= Centered riding =

Method of horse riding and riding instruction

Centered Riding is a method of horse riding and riding instruction that is based on the idea of having the rider seated in the most effective position. It combines elements of martial arts, yoga, and tai chi with knowledge of horsemanship to create a system where the rider is centered and balanced in the saddle. Originally developed by Sally Swift, since her death, Centered Riding has been trademarked by a non-profit educational organization that promotes awareness and teaches the principles of Centered Riding internationally. The widespread acceptance of the method marked a significant shift in horsemanship from rote, military-style instruction to a more psychological approach.

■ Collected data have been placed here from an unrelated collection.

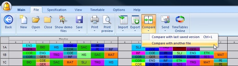There are two options how to compare your timetable files. You may find both in menu File - Compare.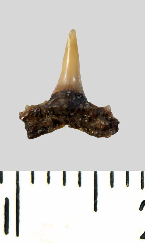 Зуб (фрагмент). Акула. Synechodus dubrisiensis (Mackie, 1863). Классификация: Хордовые Chordata, Позвоночные Vertebrata, Хрящевые рыбы Chondrichthyes, Пластиножаберные Elasmobranchii, Акулы Selachii, Синеходонтообразные Synechodontiformes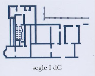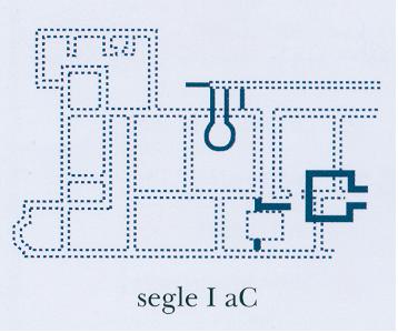 d’August es data la construcció de les estructures de la vil•la, que molt possiblement es van desenvolupar creixent considerablement. Tenim un sector residencial, són grans habitacions (aula 1,2,3) al voltant d’un distribuïdor (atrium) que connectava també amb el peristil i jardí (peristylum), a la part nord d’aquestes habitacions nobles trobem els banys (balneae).

The basic components of the centered riding system are "soft eyes", breathing, balance or building blocks, and centering. Soft Eyes is a concept used in many sports in order to relax the athlete and expand their peripheral vision. Swift recommended that riders relax their visual acuity and direct more attention to the tactile interaction between horse and rider.

==History==

Centered riding was created by Sally Swift (21 April 1913 - 2 April 2009). At age 62, after retiring from a career in agriculture including the American Holstein (cattle) Association, Swift focused full-time on riding instruction and the development of her Centered Riding Techniques. As she developed her techniques and taught people about the Four Basics of Centered Riding, she also published two books that serve as the foundation manuals for the technique, as well as a number of other articles and videotapes.